Five Reasons Customer Centricity Fails

Since 1995, the Partners at RedPort have been working on Customer-Centric business models in financial institutions across the globe. From the biggest banks and insurers like US Bank and USAA, to mid-sized credit unions, MFI’s and consumer lenders – we have seen countless customer-centricity efforts – many which were successful – and some that were not .
In our experience, when customer-centric efforts fail, they fail for one of 5 predictable reasons:

1. The FI doesn’t make a hard choice on “which customers” it is centered around

2. The company does not organize around these customers

3. The company doesn’t have the P&L mindset to manage customers as the profit center

4. Technology doesn’t support customer centricity

5. The company doesn’t measure customer profitability accurately

Segment Choices: Many customer-centricity efforts start with good intentions. Management, realizing the limits of product or channel-centric models decides to migrate the FI to customer-centricity. However, centering strategy around customers demands a sober choice of which customer groups the company will serve – and which groups they will not. These choices can be bound by demographic or psychographic traits, profit potential, geography or other factors – but choices have to be made or the company ends up trying to be all things to all segments – and invariably fails. (When we evaluate FI’s we ask for detailed descriptions of target customer segments. Truly customer-centric organizations can answer this at all levels of the organization.)

Organizational Alignment:  Other FI’s fail to organize their structure and incentives around customers. Many supposedly customer-centric companies continue to be organized by product (especially big insurers and banks), or channel. Additionally, the incentive plans of these FI’s often are based on product goals vs. goals that have to do with customer satisfaction, revenue penetration of customer segments, or other customer-oriented goals. (Clear sign – if your product managers control the P&L’s you are not customer-centric!)

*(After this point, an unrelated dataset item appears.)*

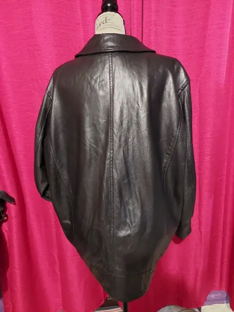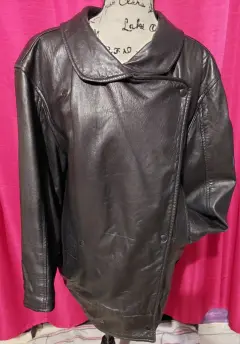 Chamarra Vintage de piel. Auténtica piel muy suave y fina, tiene corte tipo motociclistas, no obstante, es larga, en foto medida, es talla XL a 1XL, pero es bombacha y angosta de cadera por lo que quedaría Oversize, está hermosa, manga larga, no tiene detalles, probablemente pintura,pero está intacta, siento que está en excelente estado. No está rota, rasgada, en las fotos se nota las medidas de axila y cadera.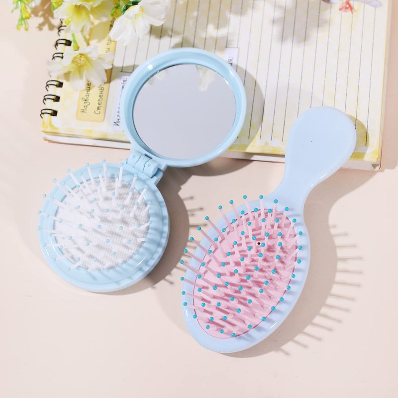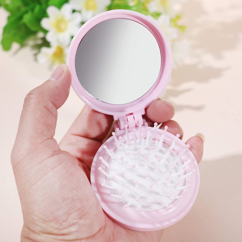 - 【Feature】Keep your hair adopting soft air cushion teeth,our folding small portable mirror brush travel will not tear or pull out tangles and can easily slide through your hair,gently removing tangles and taking some of the pressure off your scalp.

Product or Channel P&L Mindset: One of the first things we look at when we audit an FI is how they measure themselves. If the monthly management reports are product-oriented (how much did we make on the P&C business?), or channel oriented (how much did we make in our direct channel?) we can be sure that the FI is not truly managing around customer segments. Committed customer-centric companies measure their success on customer metrics like customer satisfaction, profit per customer, and the potential value of the customer pool. (Our trick is to ask “how is the business doing”?  If the answer is “we beat our mortgage goals”, or “combined ratios are too high”, we know the FI is managing products first. If instead, we hear “customer satisfaction is up”, or “we increased customer profitability 10% last year” we know the company is managing customers first.)

Product-Centric Technology: The technology stacks of many FI’s are built “product up” vs.  “customer segment down”. This is especially prevalent when the scope of the FI’s offerings span traditional product categories.  Banks often use different systems to support deposits, consumer lending, mortgages, and plastic. Insurers often have different systems for their P&C, Life, and Health businesses.

Truly customer-centric companies have IT infrastructures that enable the management of customers first. World-class customer-centric IT stacks are much more than disparate CRM systems and data warehouses tied to core product admins systems. Instead, customer-centric architectures are purposely designed to enable both seamless customer interactions that cross channels and product lines, AND enable the FI to manage customer data and insights in a holistic way.

Customer Profitability: Finally, we see supposedly customer-centric FI’s that do not have a clue about the profitability of individual customers or customer segments. FI’s that are committed to customer-centricity must prioritize developing accurate, granular, and flexible customer profitability systems – enabling them to manage all of the levers of value including measuring the impact of channel migration, qualifying the value of increased satisfaction, accurately measuring increases in product usage.